> Problem to work on:
Starting at the line that contains "Cárdigan de Punto" and stopping at the line that contains "Nakon ukusnih griz", restate each line of the records below exactly. Omit the pictures.

> Records provided:

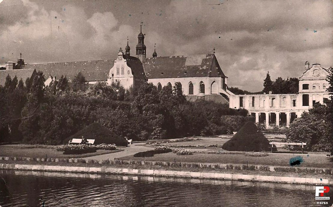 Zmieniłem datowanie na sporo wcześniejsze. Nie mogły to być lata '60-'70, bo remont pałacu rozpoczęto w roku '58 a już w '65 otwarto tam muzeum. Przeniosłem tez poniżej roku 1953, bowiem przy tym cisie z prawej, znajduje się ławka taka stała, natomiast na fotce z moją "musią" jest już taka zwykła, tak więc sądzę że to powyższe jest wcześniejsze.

---

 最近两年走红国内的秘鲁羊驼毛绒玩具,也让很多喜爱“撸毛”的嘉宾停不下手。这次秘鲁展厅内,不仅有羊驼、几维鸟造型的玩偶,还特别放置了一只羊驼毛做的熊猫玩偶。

==

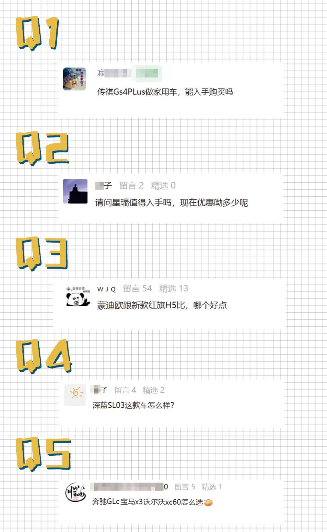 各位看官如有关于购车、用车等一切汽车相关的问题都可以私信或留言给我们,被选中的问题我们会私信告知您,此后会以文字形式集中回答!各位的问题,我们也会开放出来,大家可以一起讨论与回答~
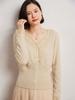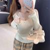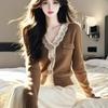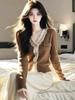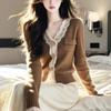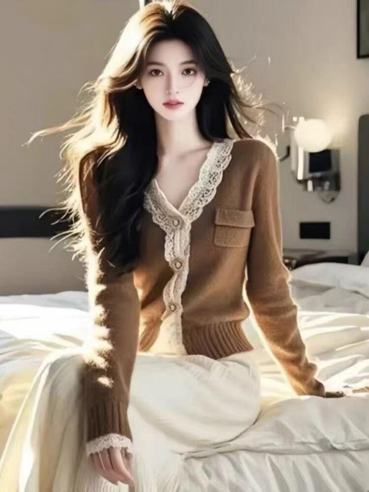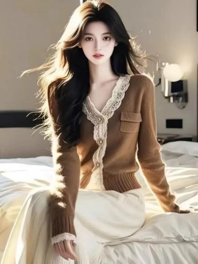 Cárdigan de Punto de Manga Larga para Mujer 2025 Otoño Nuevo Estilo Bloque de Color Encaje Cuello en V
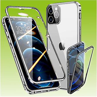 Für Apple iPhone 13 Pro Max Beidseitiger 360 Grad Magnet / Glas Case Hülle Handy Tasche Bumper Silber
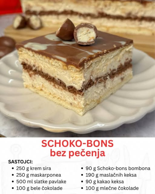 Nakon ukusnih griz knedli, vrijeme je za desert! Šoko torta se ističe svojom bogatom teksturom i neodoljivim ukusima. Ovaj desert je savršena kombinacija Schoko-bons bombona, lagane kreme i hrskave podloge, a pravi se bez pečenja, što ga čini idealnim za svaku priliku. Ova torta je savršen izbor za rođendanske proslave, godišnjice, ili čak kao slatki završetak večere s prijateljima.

> Result:
 Cárdigan de Punto de Manga Larga para Mujer 2025 Otoño Nuevo Estilo Bloque de Color Encaje Cuello en V
 Für Apple iPhone 13 Pro Max Beidseitiger 360 Grad Magnet / Glas Case Hülle Handy Tasche Bumper Silber
 Nakon ukusnih griz knedli, vrijeme je za desert! Šoko torta se ističe svojom bogatom teksturom i neodoljivim ukusima. Ovaj desert je savršena kombinacija Schoko-bons bombona, lagane kreme i hrskave podloge, a pravi se bez pečenja, što ga čini idealnim za svaku priliku. Ova torta je savršen izbor za rođendanske proslave, godišnjice, ili čak kao slatki završetak večere s prijateljima.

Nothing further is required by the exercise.